Lipid acid profile was determined according to the method of Folch 1956 (AOAC 1998). Firstly, a sample of 2 g was mixed with 10 mL methanol and 20 mL chloroform and then homogenized using an Ultraturrax (IKA T18 digital), previous to vacuum filtered. After that, a solution of 0.88% potassium chloride in methanol:water (5:5 v/v) was added to the extract in order to separate the fatty acids in a Büchi rotary evaporator (Labortechnik AG, Switzerland), according to the Folch method (AOAC 1998). The samples were methylated by adding 5 mL solution of 0.5 N NaOH and 10 mL of boron-methanol trifluoride (BF3), and 5 mL of heptane to the lipid content that remained in the ball flask. The methylation product was mixed with 0.5g of NaCl and 0.5g of Na2SO4 for purification; then, it was passed through a fiberglass-packed Pasteur pipette. The solution was recovered in a 2 mL amber vial, keeping it under a nitrogen atmosphere (AOAC 1998, method 969.33). Finally, a sample of 1 µL of the final extract was injected into an Agilent model 7820 gas chromatograph (USA), which was equipped with a flame ionization detector and a 30 m × 0.32 mm × 0.25 µm capillary column (Omega wax 320, Supelco). The temperature of the injector and detector was programmed at 260°C for 40 min using helium 3 mL min-1 as a carrier gas. For the separation and quantification of the fatty acids, a mixture of 37 fatty acids of C4-C24 methyl esters (Supelco) was used as an external standard. The standardization method quanti-fied the results using the area under the curve of the peaks of the identified fatty acids.

Statistical analysis

All graphs and statistical analyses were conducted using Statistica 7 Statistical Software. Normality and homoscedasticity tests were not applied. One-way analysis of variance (ANOVA) tests was performed to determine significant differences among the treatments; then, differences among means were tested using Tukey's test (P < 0.05). The values are expressed as mean ± standard error.

RESULTS

Growth of Dunaliella salina

The growth of the microalgae showed significant differences between the treatments (F(3,244) = 16.654, P < 0.05). The groups with light showed greater growth than those without light: F/2 medium with 12L:12D maintained an exponential growth until day 13 of culture (14.53E5 ± 0.45E5 cell mL-1), while M 12L:12D grew until day 10 (9.91E5 ± 1.94E5 cell mL-1) to decay at the end of the culture (7.20E5 ± 0.45E5 cell mL-1). The groups without light did not show the typical phases of algal growth (onset, exponential, and plateau). The algal concentration decreased in the first days of culture (Fig. 1). On day 8 of culture, F/2 registered a final concentration (1.90E5 ± 0.36E5 cell mL-1) of D. salina, which was lower than the initial one (5.46E5 ± 2.39E5 cell mL-1).

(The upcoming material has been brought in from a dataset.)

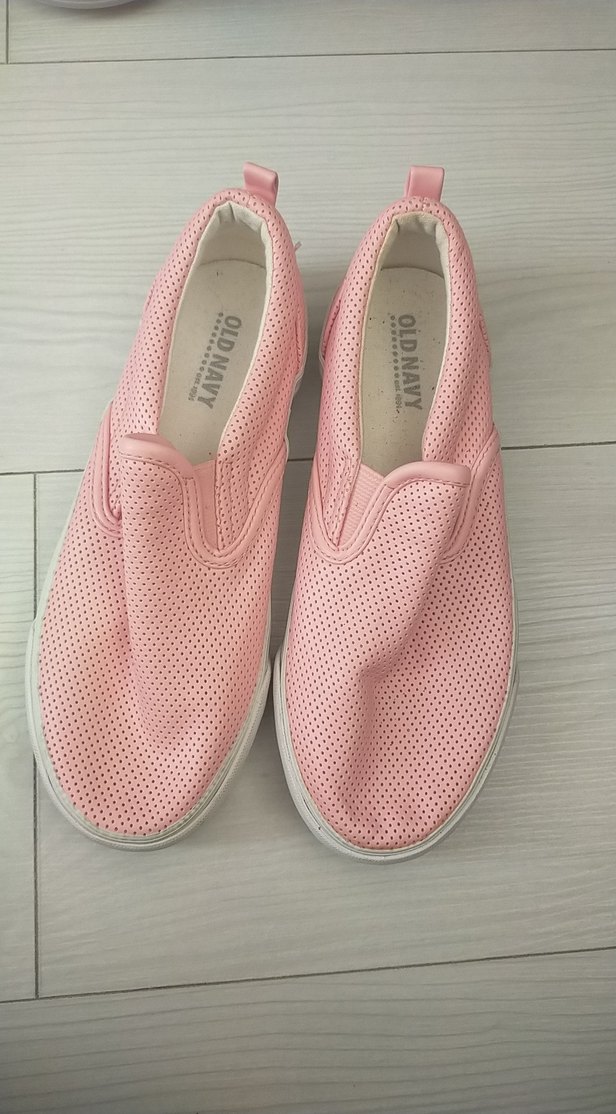 Old Navy pembe, delikli ve düz tabanlı kadın spor ayakkabısı, yumuşak kauçuk malzemeden üretilmiştir ve günlük kullanıma uygundur.

Figure 1 Dynamics of the growth (cell mL-1) of Dunaliella salina cultivated with two culture mediums under different light regimes. F/2 12L:12D, F/2 medium under light conditions; M 12L:12D: molasses under light conditions; F/2D F/2 medium under dark conditions; MD: molasses under darkness conditions. 

The highest biomass produced (2.93 ± 0.40 g L-1) was obtained in the F/2 12L:12D treatment, while the lowest quantity (1.19 ± 0.0.5 g L-1) was recorded in the F/2D group (Fig. 2).

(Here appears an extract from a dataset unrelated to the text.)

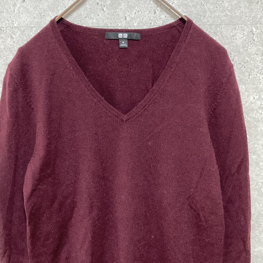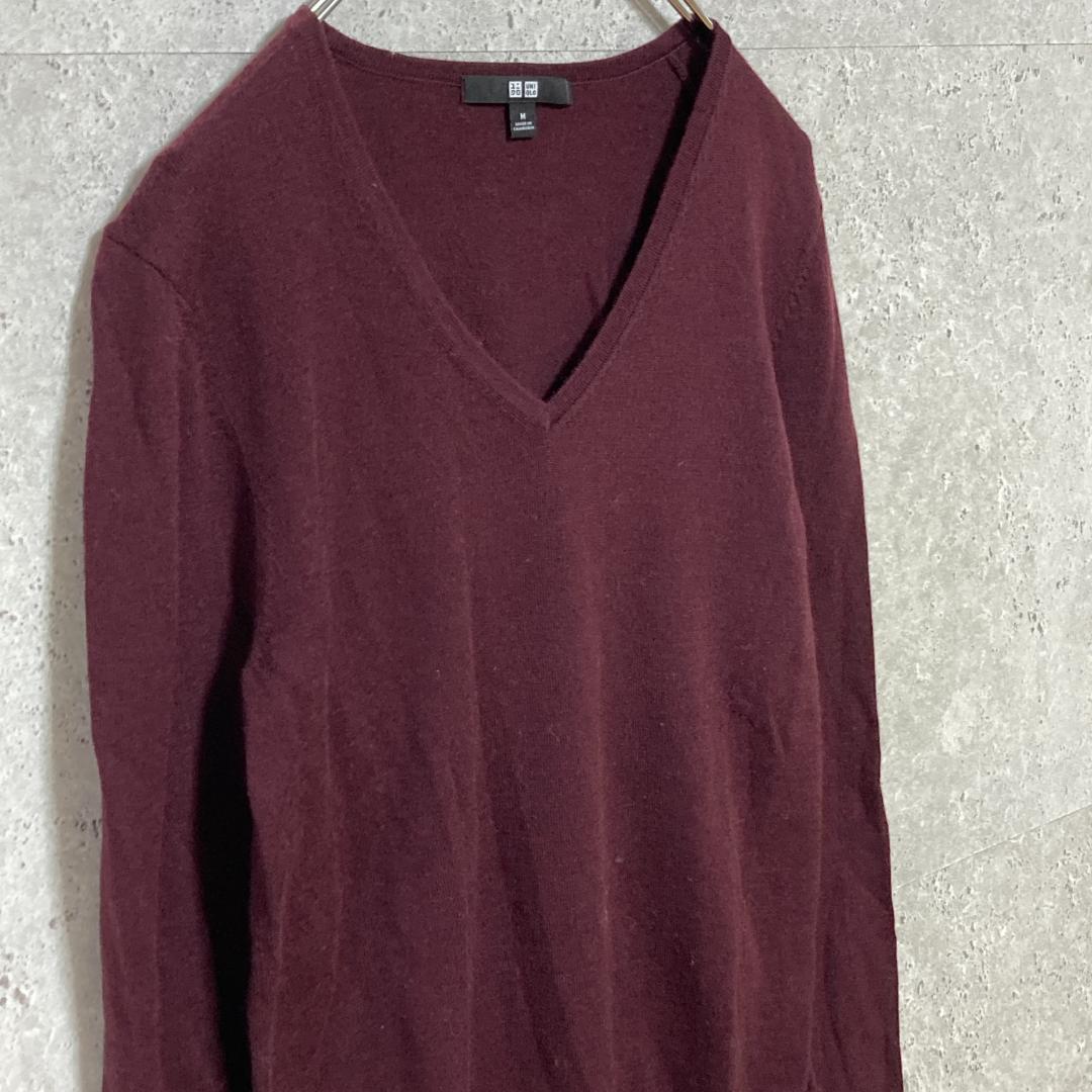 ユニクロ(M)エクストラファインメリノVネックセーター*長袖*ウール100%

Figure 2 Biomass production (g L-1) of Dunaliella salina cultivated with two culture mediums under different light regimes. F/2 12L/12D: F/2 medium under light conditions; M 12L:12D: molasses under light conditions; F/2D: F/2 medium under dark conditions; MD: molasses under dark conditions. 

The organic matter biomass showed significant differences between the treatments (F(7,16)= 10.713, P < 0.05), with an interval from 20.53 ± 0.32% in the MD group, to 18.09 ± 0.62% obtained for F/2D (Table 2).

Table 2 Organic matter (%) in Dunaliella salina biomass cultivated with two culture mediums under different light regimes. F/2 12L:12D, F/2 medium under light conditions; M 12L:12D: molasses under light conditions; F/2D: F/2 medium under dark conditions; MD: molasses under dark conditions. In the column, the different letter means significant differences (P ≤ 0.05). 

Culture medium Organic matter (%) Ash (%)
F/2 12L:12D 18.44 ± 0.32ab 81.56 ± 0.32
F/2D 18.09 ± 0.62b 81.91 ± 0.62
M 12L:12D 19.35 ± 0.42ab 80.65 ± 0.42
MD 20.53 ± 0.32a 79.47 ± 0.32

The highest amount of lipids extracted from the organic matter of the microalgal biomass was found in the treatments using light. The M 12L:12L group registered the highest lipid percentage (3.62 ± 0.89%), being similar to F/2 12L:12D (3.17 ± 0.41%) but approximately three times higher than the treatments without light (Table 3). The fiber was not detected in any of the treatments.

Table 3 Proximate composition (%, mean ± standard error) of Dunaliella salina cultivated with different culture mediums and light conditions. *F/2 12L:12D: F/2 medium under light conditions; M 12L:12D: molasses under light conditions; F/2D: F/2 medium under dark conditions; MD: molasses under dark conditions. By column, the different letter means significant differences (P ≤ 0.05). 

Treatments Crude fat Crude protein Carbohydrates Humidity
F/2 12L:12D* 3.17 ± 0.41b 31.62 ± 2. 87a 59.76 ± 3.26b 5.44 ± 0.09b
M 12L:12D 3.62 ± 0.89b 33.33 ± 1. 68a 57.85 ± 1.27b 5.20 ± 0.11ab
F/2D 1.31 ± 0. 20a 50.27 ± 1.36b 42.92 ± 1. 42a 5.51 ± 0.18b
MD 1.14 ± 0.06a 47.13 ± 4.75b 46.83 ± 4. 78a 4.89 ± 0.09a

The fatty acid profile of D. salina cultured with molasses and the F/2 medium under light and dark conditions are summarized in Table 4. Regardless of the culture conditions, the lipids were mainly composed of the C16:0 and C18 (C18:0, C18:1, C18:2, C18:3). C18:0 was only found in the treatment F/2 12L:12D.

Table 4 Fatty acid methyl ester (FAME) profile (%) of the Dunaliella salina microalga cultivated with different culture media and light conditions. *C16:0: palmitic acid, C18: stearic acid, C18:1: oleic acid, C18:2: linoleic acid, C18:3: linolenic acid, SFA: unsaturated fatty acids, MUFA: monounsaturated fatty acids, PUFA: polyunsaturated fatty acids, ND: no detected. By line, the different letter means significant differences (P ≤ 0.05). 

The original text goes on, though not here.